Transcribe the listing that follows in full, exactly, and drop its images.

(Dataset content Opens)

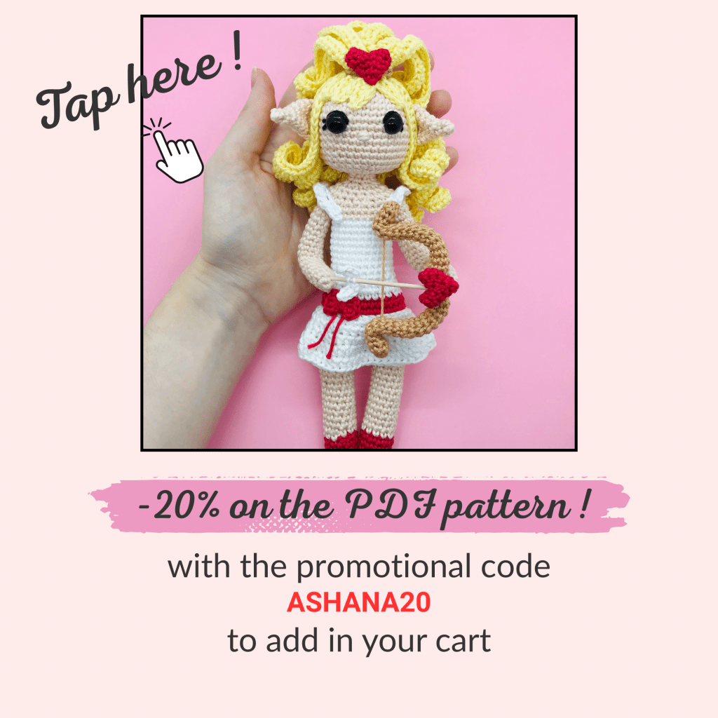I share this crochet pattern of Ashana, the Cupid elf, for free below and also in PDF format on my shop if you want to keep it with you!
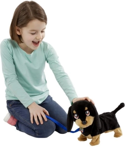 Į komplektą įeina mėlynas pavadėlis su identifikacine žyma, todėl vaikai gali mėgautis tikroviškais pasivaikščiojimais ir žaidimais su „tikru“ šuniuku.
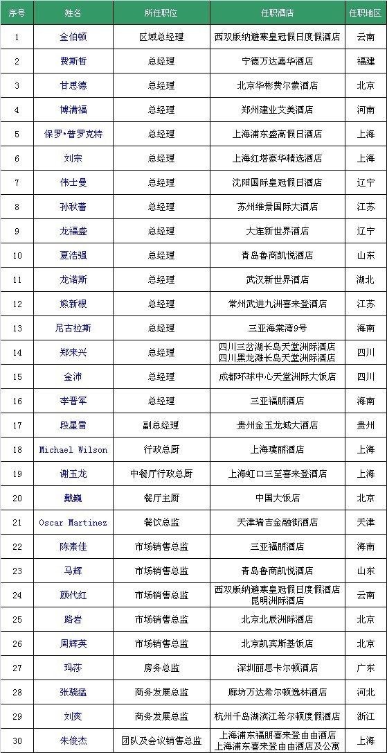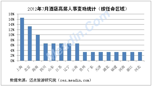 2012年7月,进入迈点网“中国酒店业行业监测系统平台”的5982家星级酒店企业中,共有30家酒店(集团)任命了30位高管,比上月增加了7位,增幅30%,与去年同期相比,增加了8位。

(Dataset content Closes)

Response area »
I share this crochet pattern of Ashana, the Cupid elf, for free below and also in PDF format on my shop if you want to keep it with you!
 Į komplektą įeina mėlynas pavadėlis su identifikacine žyma, todėl vaikai gali mėgautis tikroviškais pasivaikščiojimais ir žaidimais su „tikru“ šuniuku.
 2012年7月,进入迈点网“中国酒店业行业监测系统平台”的5982家星级酒店企业中,共有30家酒店(集团)任命了30位高管,比上月增加了7位,增幅30%,与去年同期相比,增加了8位。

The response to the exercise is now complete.